The `slice_wh` parameter defines the dimensions of each tile extracted from the image, while `overlap_wh` specifies how many pixels adjacent tiles should share. According to the source code in [`inference_slicer.py`](https://github.com/roboflow/supervision/blob/main/inference_slicer.py), the stride between tile starts is calculated as `slice_wh - overlap_wh`. Larger overlaps reduce the risk of missing objects at tile boundaries but increase computational overhead.

### How does InferenceSlicer handle detections at tile boundaries?

The slicer uses `move_detections()` (defined in lines 22-52 of [`inference_slicer.py`](https://github.com/roboflow/supervision/blob/main/inference_slicer.py)) to translate tile-local coordinates back to the global image space by adding the tile's `(x_min, y_min)` offset. When `overlap_filter` is enabled, the slicer applies NMS or NMM algorithms to resolve detections that appear in multiple overlapping tiles, using the `iou_threshold` parameter to determine merge criteria.

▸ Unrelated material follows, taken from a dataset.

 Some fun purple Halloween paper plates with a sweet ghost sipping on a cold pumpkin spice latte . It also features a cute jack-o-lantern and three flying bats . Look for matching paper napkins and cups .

### Can I use InferenceSlicer with instance segmentation models?

Yes. The `callback` function can return `Detections` objects containing masks, and the slicer will handle coordinate transformation for both bounding boxes and segmentation masks. The `move_masks()` function in [`src/supervision/detection/utils/masks.py`](https://github.com/roboflow/supervision/blob/main/src/supervision/detection/utils/masks.py) handles spatial translation of mask arrays, ensuring that pixel-accurate masks align correctly when merged back to the full-resolution image.

### What overlap filter should I use for multi-resolution detection?

For multi-resolution pipelines, use `OverlapFilter.NON_MAX_SUPPRESSION` with an `iou_threshold` of 0.5 during the per-scale slicing phase to clean up tile boundary duplicates. After merging all scales with `Detections.merge()`, apply a second NMS pass using `with_nms()` to handle duplicates that appear across different resolutions. This two-stage filtering prevents the same object detected at different scales from appearing multiple times in final results.